══ STUDY MATERIAL ══

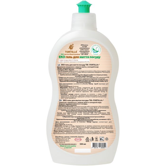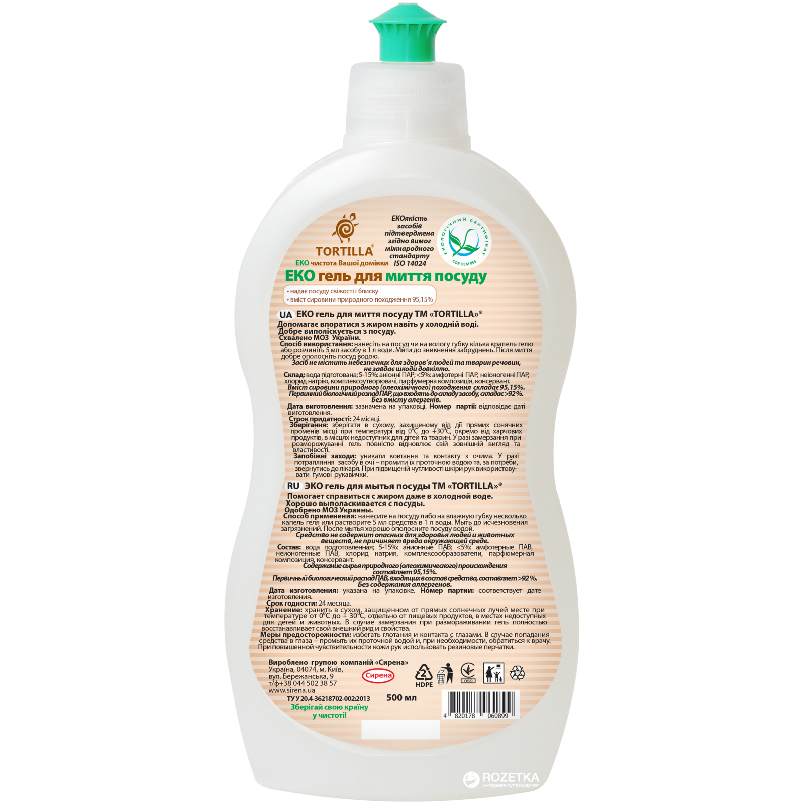 Засіб для ручного миття посуду Tortilla Еко гель 500 мл (4820178060899)
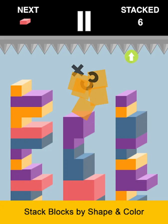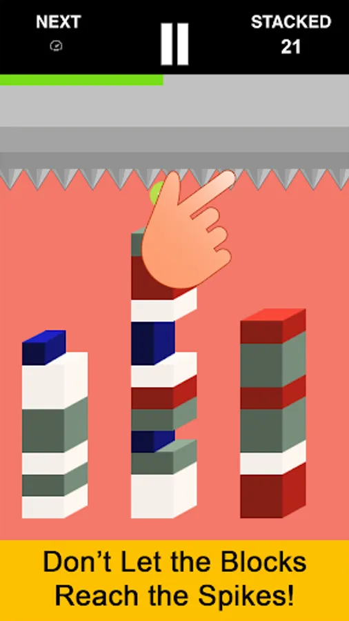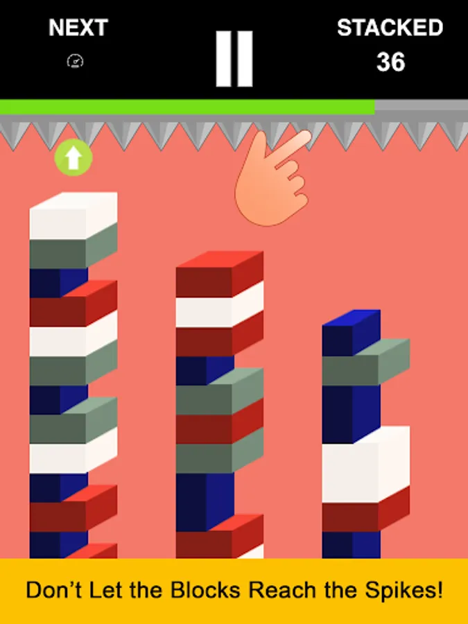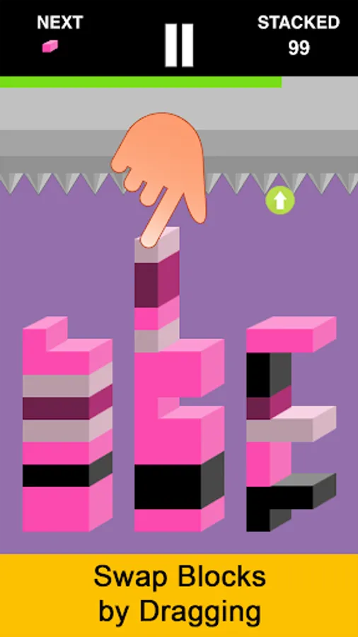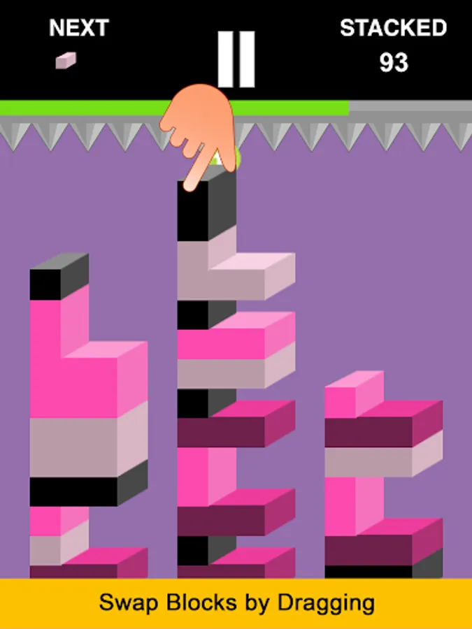 Sounds easy, right? Well not really because new blocks fall down while you attempt to switch & match existing ones. If you don't move fast enough, your tower of blocks will hit the spikes and have to start over.
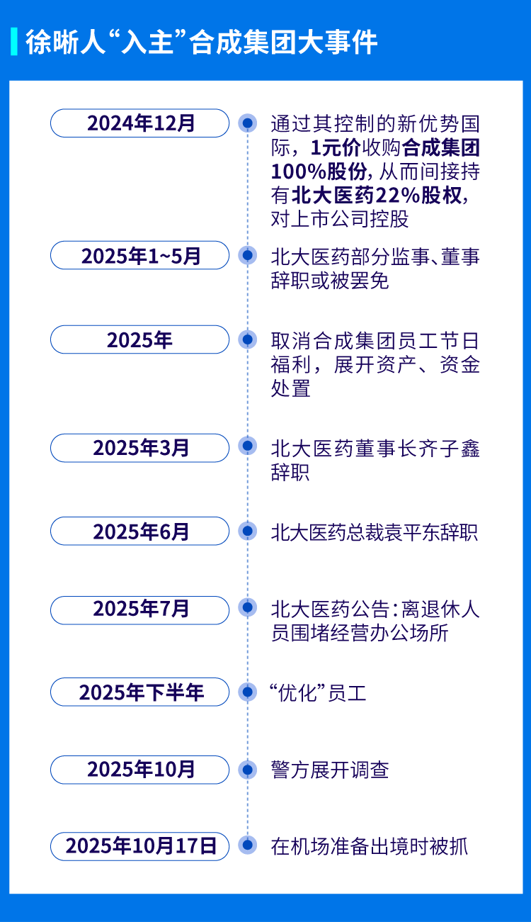 2024年12月,徐晰人通过其控制的新优势国际,以1元象征性价格,收购了方正商业管理持有的合成集团100%股权,从而间接控制了集团旗下上市公司北大医药。与此同时,新优势国际以3300万元的对价,接手了方正系对合成集团及其下属公司享有的高达23.92亿元的债权。
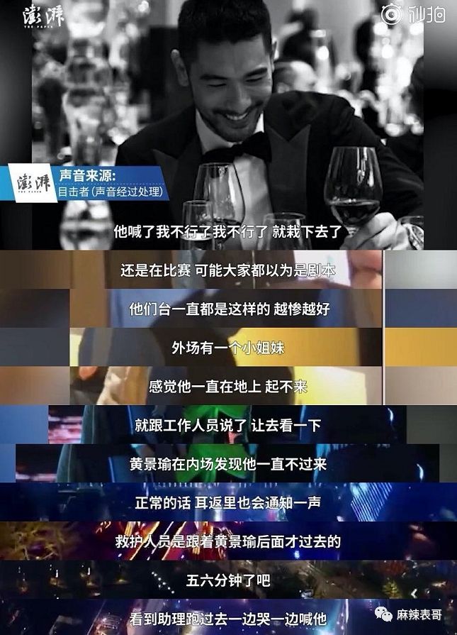 随后,黄景瑜、陈伟霆等人呼救,急救人员进行了10分钟左右的心肺复苏,2点左右送医。
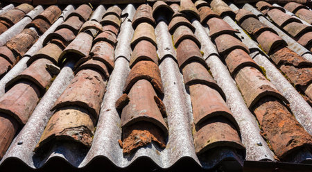 The arrangement of weathered terracotta tiles displays various shades of orange and gray, highlighting years of exposure to the elements and creating a unique rustic texture.
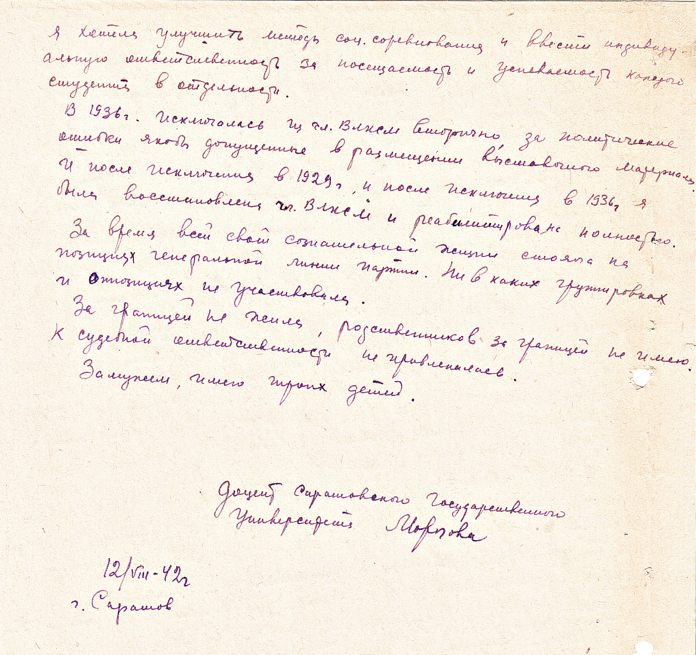 Автобиография Морозовой Тамары Лукиничны (из личного дела работника, состоящего на номенклатурном учёте обкома партии).
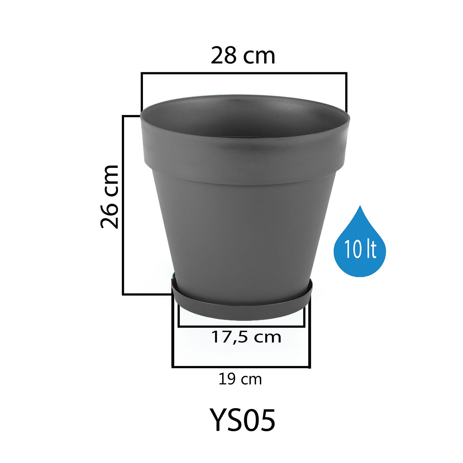 Yalı Saksı Tabaklı 5 NO - Antrasit
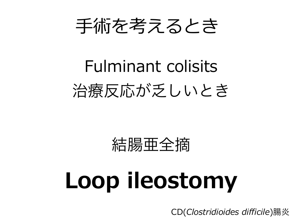 #99. ⼿術を考えるとき Fulminant colisits 治療反応が乏しいとき 結腸亜全摘 Loop ileostomy CD(Clostridioides difficile)腸炎
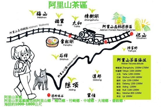 阿里山茶區範圍包括阿里山鄉、梅山鄉、竹崎鄉、中埔鄉、大埔鄉、番路鄉,海拔約1000-1800公尺,和梨山茶區、杉林溪茶區並列為台灣三大高山茶區,阿里山茶區以梅山鄉、竹崎鄉、阿里山鄉產量最大。茶區面積約2000公頃,每年可收成五次,以春茶及冬茶品質最好。主要的茶樹品種為青心烏龍、金萱、四季春及翠玉。
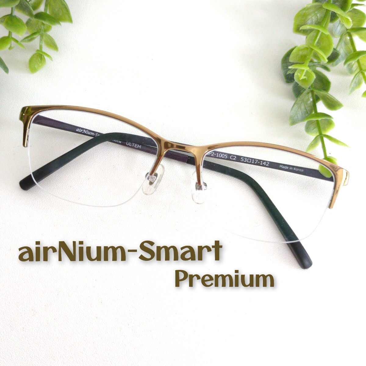 > 良品☆airNium-Smart メガネ 眼鏡 ハーフリム ゴールド ナイロール スクエア ウェリントン ユニセックス ブロー 軽量 オシャレ ビジネス
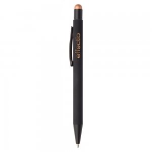 Artikel-Nr: AND845170-97Aluminium-Kugelschreiber mit Touchpen und gummierter Oberfläche und Spezialbeschichtung für eine Farbgravur (Gravurfarbe abgestimmt mit Stylus), blauschreibend.
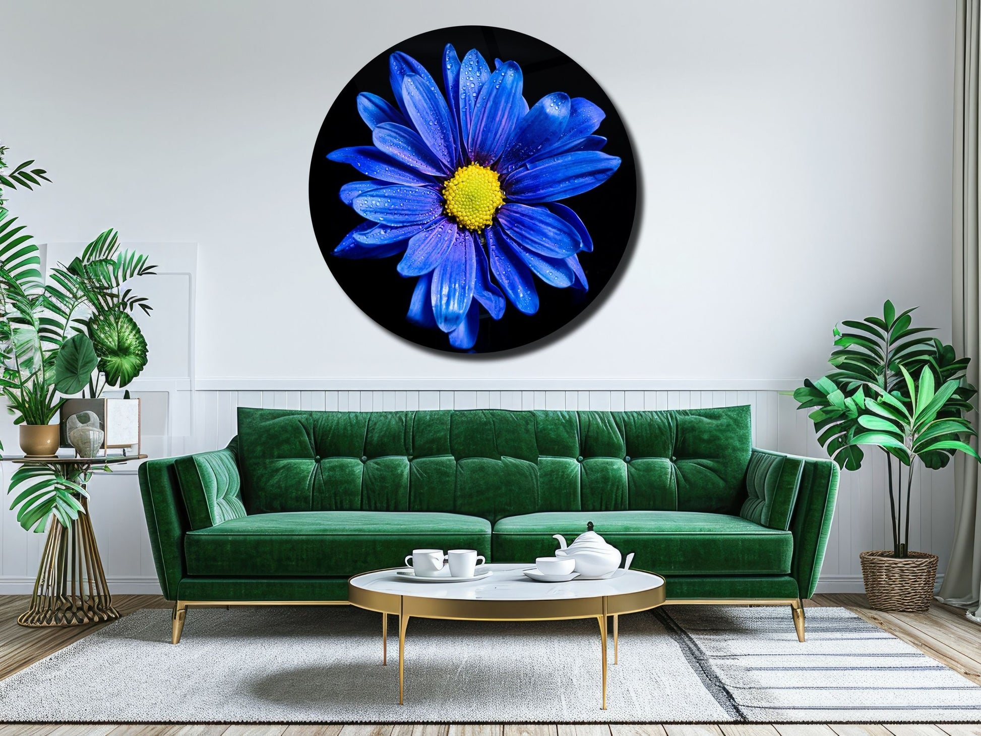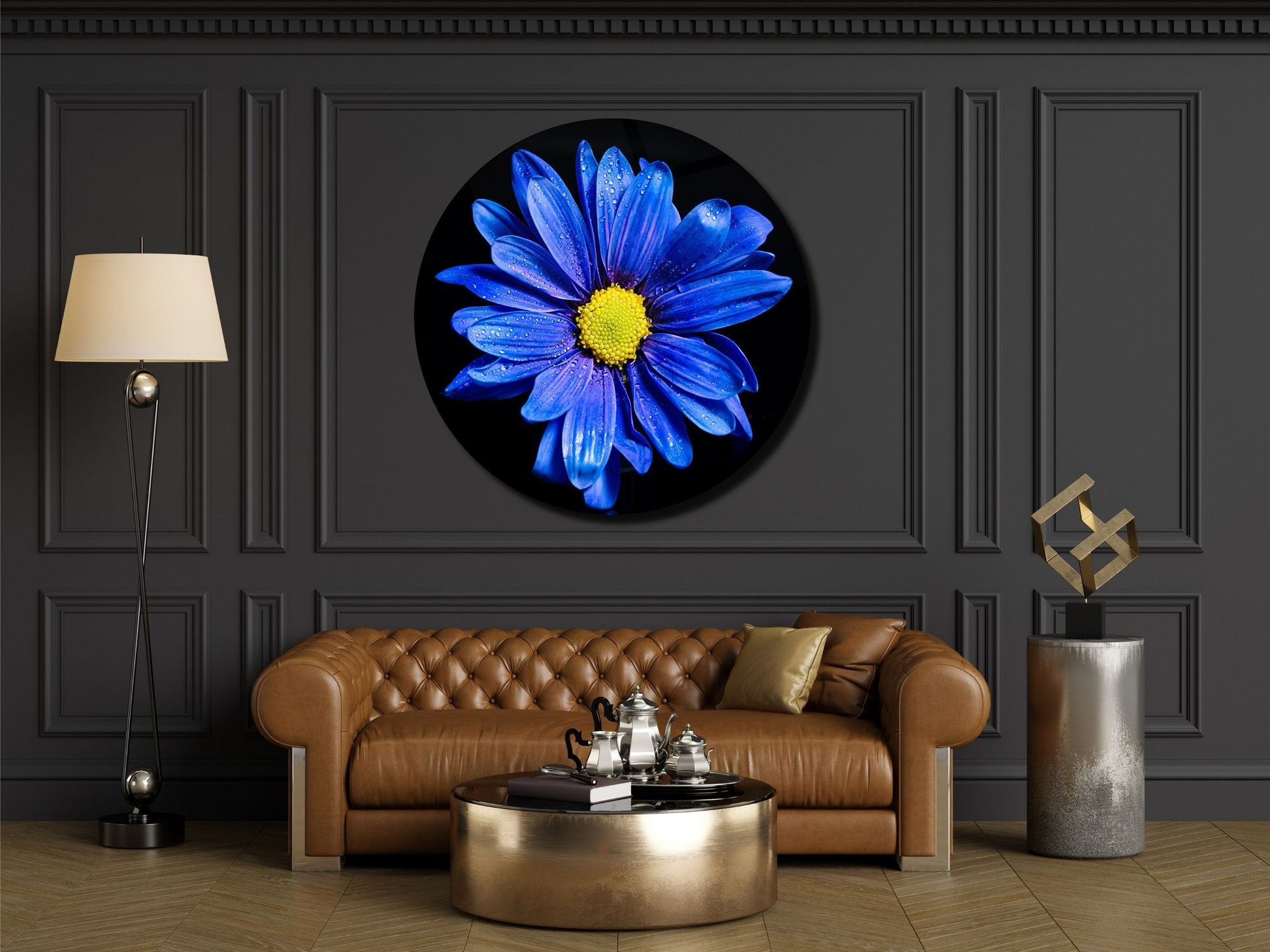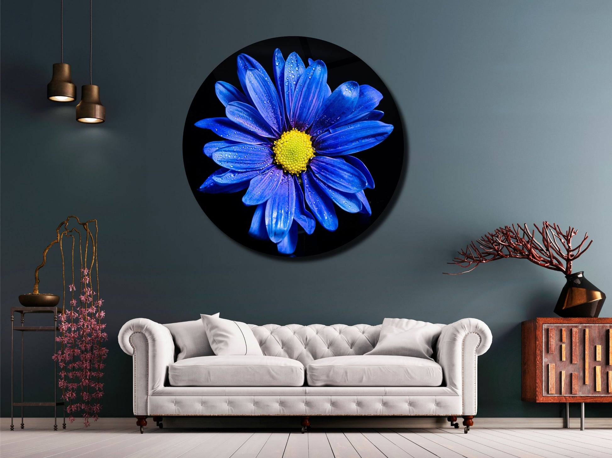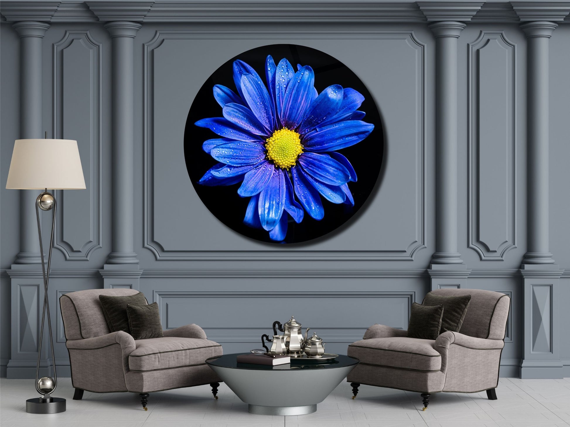 Mavi Papatya Cam Tablo – Yuvarlak Modern Çiçek Duvar Dekoru

═══

[AIM OF THE TASK]
Reproduce each line of the records exactly, and omit every picture.

[EXERCISE SOLUTION]
 Засіб для ручного миття посуду Tortilla Еко гель 500 мл (4820178060899)
 Sounds easy, right? Well not really because new blocks fall down while you attempt to switch & match existing ones. If you don't move fast enough, your tower of blocks will hit the spikes and have to start over.
 2024年12月,徐晰人通过其控制的新优势国际,以1元象征性价格,收购了方正商业管理持有的合成集团100%股权,从而间接控制了集团旗下上市公司北大医药。与此同时,新优势国际以3300万元的对价,接手了方正系对合成集团及其下属公司享有的高达23.92亿元的债权。
 随后,黄景瑜、陈伟霆等人呼救,急救人员进行了10分钟左右的心肺复苏,2点左右送医。
 The arrangement of weathered terracotta tiles displays various shades of orange and gray, highlighting years of exposure to the elements and creating a unique rustic texture.
 Автобиография Морозовой Тамары Лукиничны (из личного дела работника, состоящего на номенклатурном учёте обкома партии).
 Yalı Saksı Tabaklı 5 NO - Antrasit
 #99. ⼿術を考えるとき Fulminant colisits 治療反応が乏しいとき 結腸亜全摘 Loop ileostomy CD(Clostridioides difficile)腸炎
 阿里山茶區範圍包括阿里山鄉、梅山鄉、竹崎鄉、中埔鄉、大埔鄉、番路鄉,海拔約1000-1800公尺,和梨山茶區、杉林溪茶區並列為台灣三大高山茶區,阿里山茶區以梅山鄉、竹崎鄉、阿里山鄉產量最大。茶區面積約2000公頃,每年可收成五次,以春茶及冬茶品質最好。主要的茶樹品種為青心烏龍、金萱、四季春及翠玉。
 > 良品☆airNium-Smart メガネ 眼鏡 ハーフリム ゴールド ナイロール スクエア ウェリントン ユニセックス ブロー 軽量 オシャレ ビジネス
 Artikel-Nr: AND845170-97Aluminium-Kugelschreiber mit Touchpen und gummierter Oberfläche und Spezialbeschichtung für eine Farbgravur (Gravurfarbe abgestimmt mit Stylus), blauschreibend.
 Mavi Papatya Cam Tablo – Yuvarlak Modern Çiçek Duvar Dekoru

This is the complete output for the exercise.